We were able to encode all notions discussed so far by using only non-recursive Datalog rules, which means that we could also compute these notions using (large and complex) SPARQL queries. However, as we show next, HEDIS CDC also contains notions that require genuine recursion, and thus cannot be computed using SPARQL queries alone.

A period in which a patient is insured with a HMO is called an enrolment. Patients often have multiple consecutive enrolments within the measurement year, which is due to changes in circumstances such as retirement, change of workplace or switching between health plan packages. A patient may also have gaps in their enrolment history, because they switched HMOs or were uninsured. However, the NCQA requirements on HMOs apply only to patients who have a continuous enrolment with the HMO which, according to the HEDIS CDC specification, is when they have:

no more than one gap in enrolment of up to 45 days during the measurement year. [...Patients must be insured with the HMO on] December 31 of the measurement year.

To determine whether a patient has a continuous enrolment we proceed as follows. First, we identify as connected all enrolment acts that are connected to the end date of the measurement period via a sequence of enrolment acts without any gaps. Second, we identify as gap-connected all enrolment acts that are connected to the end date of a measurement period via a sequence of enrolment acts with one gap. Finally, we identify that a patient has a continuous enrolment if they have a (gap-)connected enrolment act containing the begin date of the measurement period.

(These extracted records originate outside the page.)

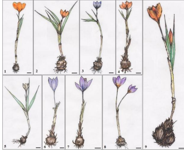
Figure 2. General drawing of Crocus taxa growing in Balikesir. 1. Crocus gargaricus , 2. C. chrysanthus 3. C. biflorus subsp. nubigena 4. C. flavus subsp. dissectus 5. C. candidus 6. C. pallasii subsp. pallasii 7. C. cancellatus subsp. mazziaricus 8. C. pulchellus 9. C. olivieri subsp. istanbulensis (Scale bar: 1 cm)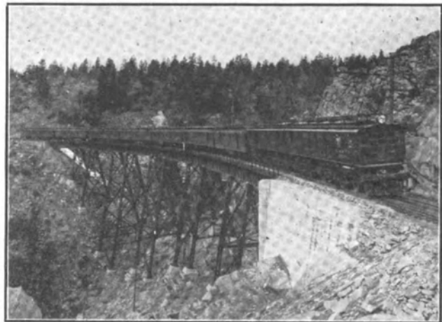
Chicago, Milwaukee & St. Paul Electrified Freight and Passenger Trains, Descending Two-Per-Cent Grade on Eastern Slope of Rocky Mountains. Double-Unit, 3,000-Volt, Direct-Current Locomotives Used.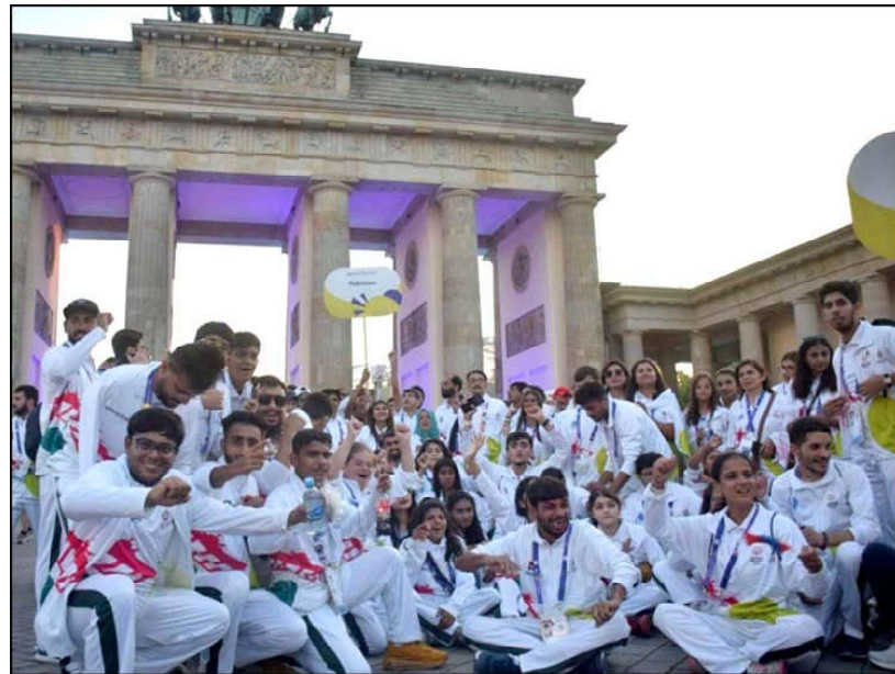
BERLIN: Participants of the 16th Special Olympic World Games Pakistan athletes in a group photo after the closing ceremony at Brandenburg Gate.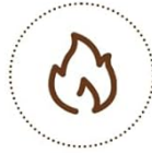
Handcrafted Ceramic Logs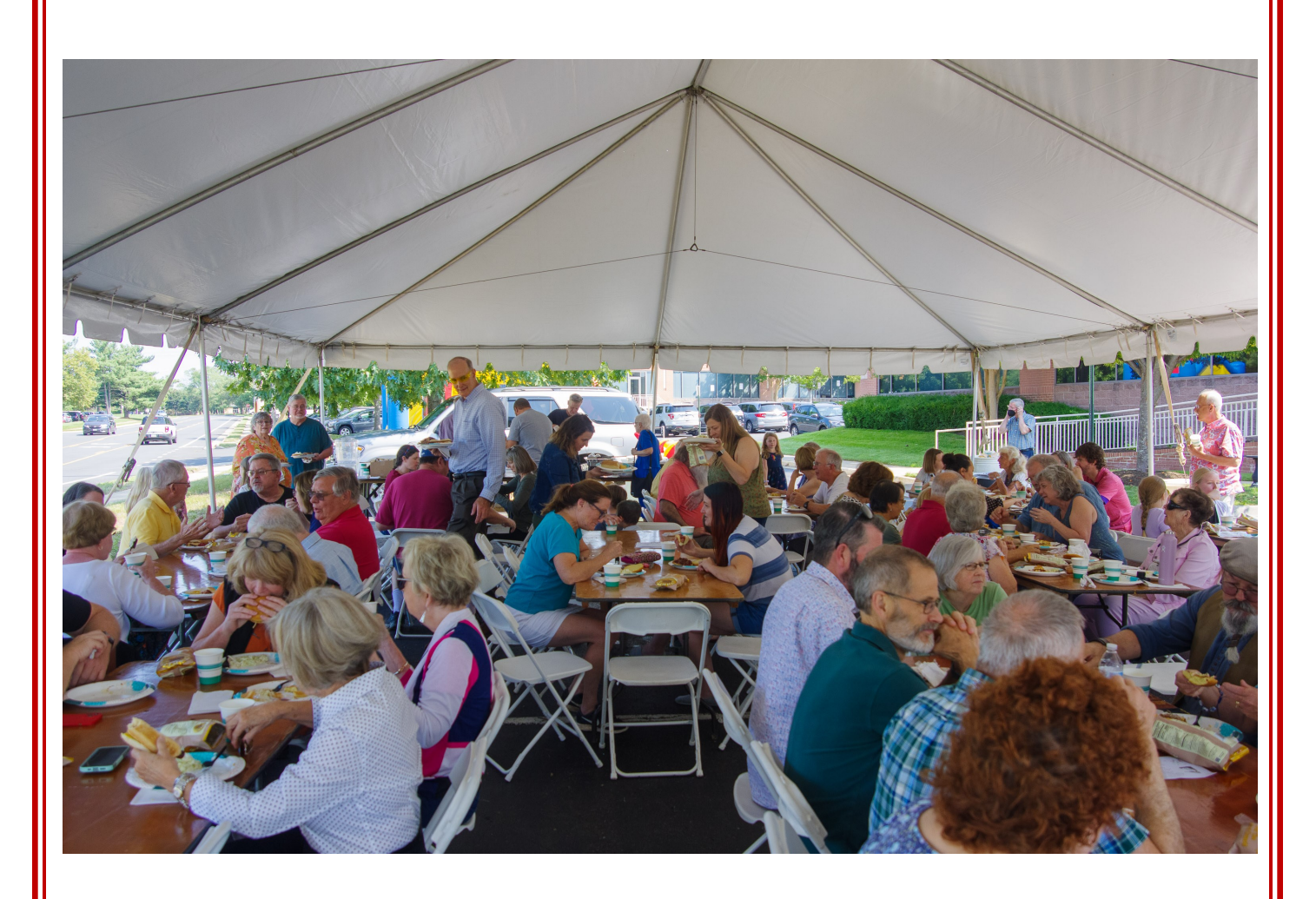
As we did last year, the center of our Fall Kickoff party was a big tent in the parking lot where we had a chance to connect with each other over a catered meal.

Inside the fellowship hall, Epiphany ministries shared information about what they do and looked for those interested in serving with them.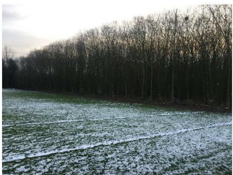
View looking West towards woodland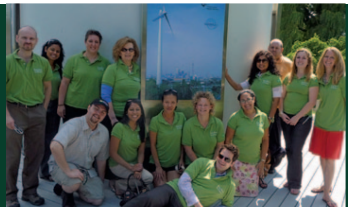
TD has over 60 Green Teams across Canada, and we're launching Green Teams for U.S. employees in 2011.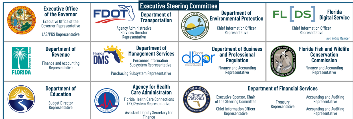
Figure 1: ESC Membership

The notion of connected enrolment act has the following recursive definition. An enrolment act is connected (1) if its period contains the end date of the measurement year, or (2) if it is directly succeeded by a connected enrolment. Case (1) of the definition is handled by the following rule.

figure g

For the recursive case (2), we need to identify the connecting successor. This involves date manipulation because we have to compute the date of the previous day. Unfortunately, SPARQL BIND does not provide arithmetic on the data type xsd:date and instead we had to compute the previous day during data translation which was stored using the data value property kp:beginDT-1.

figure h

The notion of gap-connected enrolment can again be defined recursively. An enrolment act is gap-connected (1) if it has a gap of at most 45 days to a connected enrolment act, or (2) if it is directly succeeded by a gap-connected enrolment. Similarly to before, during our translation we precomputed the date that is 46 days earlier than the start date of an enrolment act and stored it using the data property kp:beginDT-46.

Note that we compare all pairs of enrolments of each patient, which is quadratic in the number of patient’s enrolments. To reduce the workload, we restricted aux:connEnr to enrolments whose period intersects the measurement year. We measured the outdegree of aux:connEnr, which was maximally 6 and thus manageable.

Finally, we determine if a patient was continuously enrolled using two simple rules that identify all patients having a connected or a gap-connected enrolment act whose period contains the begin date of the measurement period. We are thus able to encode this HEDIS section using just 6 recursive Datalog rules. This compares to 500 lines of heavily commented and involved SQL-code previously used by the Kaiser Permanente.

4.3 Stratified Negation

Stratified negation is a feature that is not commonly supported by RDF-triple stores but that can be very useful when conclusions need to be drawn based on the lack of some information. We next give an example of a HEDIS CDC measure whose computation requires negation, and we describe how it was computed before RDFox was extended to handle stratified negation.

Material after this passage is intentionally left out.